Preemptible VMs are Google Cloud Compute instances offered at a significant discount in exchange for being short-lived and interruptible. They are ideal for workloads that tolerate interruptions, retries, or checkpointing. Key characteristics:- Short-lived: Google can terminate them at any time; maximum lifespan is 24 hours.
- Cost-effective: often up to ~70% cheaper than equivalent regular VMs.
- Ephemeral: instances can disappear unexpectedly, so applications must handle interruptions (retries, resumable tasks, or external durable storage).
Preemptible VMs are best for non-critical, fault-tolerant workloads. Google provides a brief shutdown notice (about 30 seconds) before preemption so your application can checkpoint or attempt a graceful shutdown.

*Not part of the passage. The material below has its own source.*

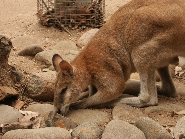 Medium-sized brown kangaroo scavenging between rocks with steel-mesh enclosed object in the background.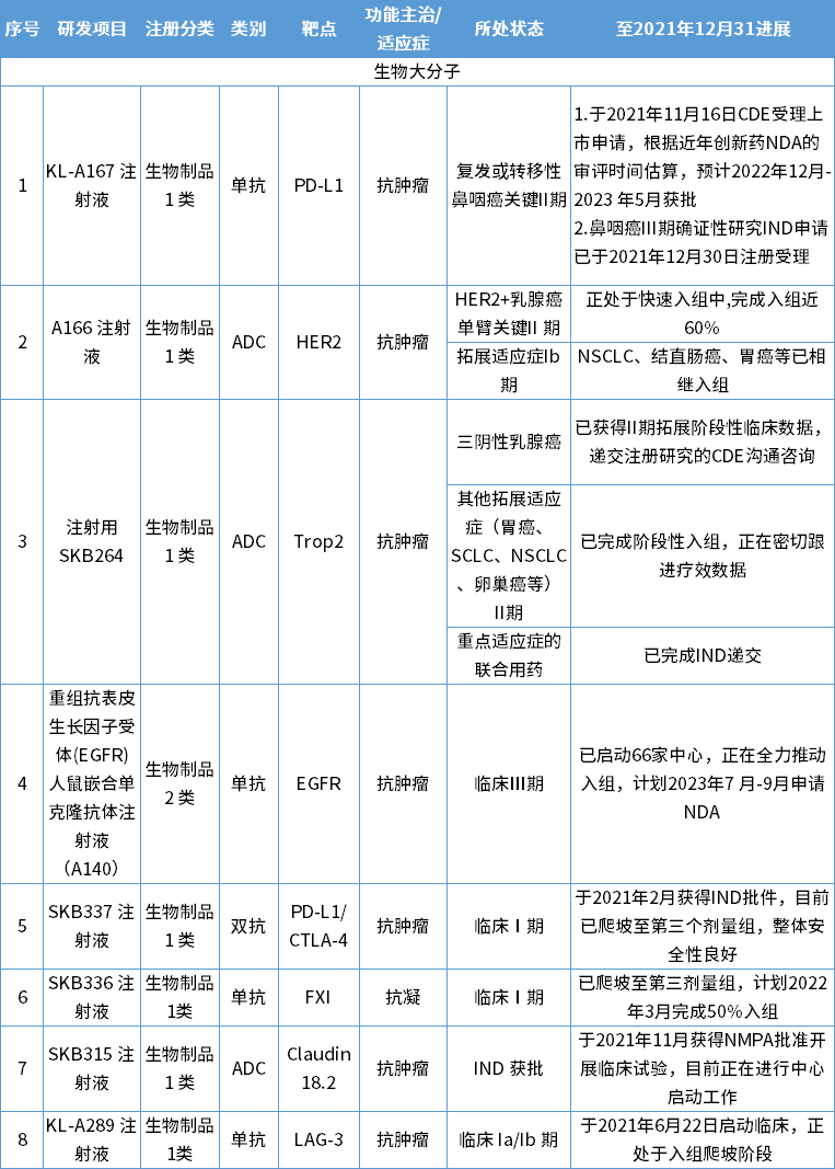科伦药业在研大分子新药研发管线(来源:科伦药业年报)

When to use preemptible VMs
Preemptible VMs are most appropriate when your workload is tolerant of interruptions or non-time-critical. Common scenarios include:- Batch processing: analytics jobs or ETL pipelines that can be re-run or checkpointed.
- Testing and development: cost-conscious environments for experiments or CI tasks.

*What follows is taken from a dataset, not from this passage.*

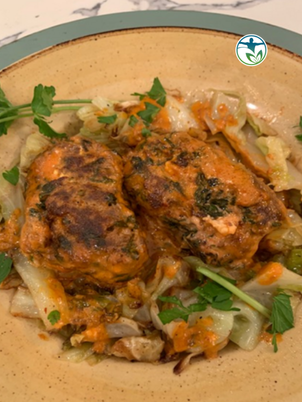 BURGER LOAVES WITH CREAMY TOMATO GRAVY AND FRIED CABBAGE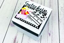 Material: Cardstock 250gsm in Weiß, Lineal, Bleistift, Flüssigkleber, doppelseitiges Klebeband, Schere oder Hebelschneider, Falzbrett und Falzbein, ggfs. einen 3D Embossingfolder eurer Wahl, Dekomaterial & Stanzen je nach Thema, hier "ATC Cinema Set 6 x 9" (Craft & You) sowie die Stanze "Filmklappe" (Joycrafts). Bühne und Sitzreihen sind von Mediendesign Moser.

- Fault-tolerant jobs: distributed computations designed to recover from worker loss (e.g., Spark with external shuffle/storage).
| Workload Type | Preemptible Recommended? | Why |
|---|---|---|
| Non-urgent batch jobs | Yes | Jobs can be retried or resumed; cost savings are substantial. |
| Development / CI | Yes | Short-lived, non-critical tasks benefit from lower cost. |
| Real-time services / low-latency systems | No | Interruptions can cause unacceptable downtime. |
| HDFS with local replicas | No | Preemption of data nodes risks data loss or long re-replication. |
| Jobs using durable external storage (Cloud Storage, BigQuery) | Yes | Data persists outside of worker local disk; safe to preempt. |

Cost example
A simple illustration highlights the impact on cost:- Regular worker VM: $100/month
- Preemptible worker VM: $30/month (≈70% discount)

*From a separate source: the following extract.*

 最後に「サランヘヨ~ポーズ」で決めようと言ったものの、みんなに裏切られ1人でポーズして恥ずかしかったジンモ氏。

- Savings per instance: $70/month

Dataproc architecture and best practices
Design your Dataproc clusters with a mix of regular and preemptible VMs to balance reliability and cost. Recommendations:- Master nodes: always use regular (non-preemptible) VMs. Masters manage cluster metadata and services; losing a master can make the cluster unavailable.
- Worker nodes:
- If the cluster relies on HDFS or local-disk storage for primary data replicas, avoid making those nodes preemptible.
- If your workloads read/write to durable external storage (Cloud Storage, BigQuery), worker nodes can be preemptible.
- Secondary/autoscaled workers: use preemptible instances to provide burst capacity for short-lived, compute-intensive periods.
- Use checkpointing, idempotent job design, or job retries so work can be resumed after preemption.
| Node Role | Preemptible OK? | Recommendation |
|---|---|---|
| Master | No | Use regular instances to ensure cluster availability. |
| Primary HDFS/data nodes | No | Avoid preemptible instances to protect data integrity. |
| Worker nodes reading/writing to external storage | Yes | Leverage preemptibles for cost savings. |
| Autoscaled/ephemeral workers | Yes | Best fit for burstable capacity needs. |
Do not run primary HDFS replicas on preemptible VMs. If HDFS data nodes are preempted, you risk data loss or long recovery due to re-replication. Prefer external durable storage (Cloud Storage, BigQuery) when using preemptible workers.

Practical tips
- Use managed services and external durable storage where possible to decouple compute from storage.
- Design Spark or Hadoop jobs to be idempotent or checkpoint progress so retries after preemption are efficient.
- Consider mixing instance types and zones to reduce the chance of simultaneous preemptions.
- Monitor preemption events and automate cluster rebalancing or worker replacement (Dataproc supports autoscaling and preemptible worker pools).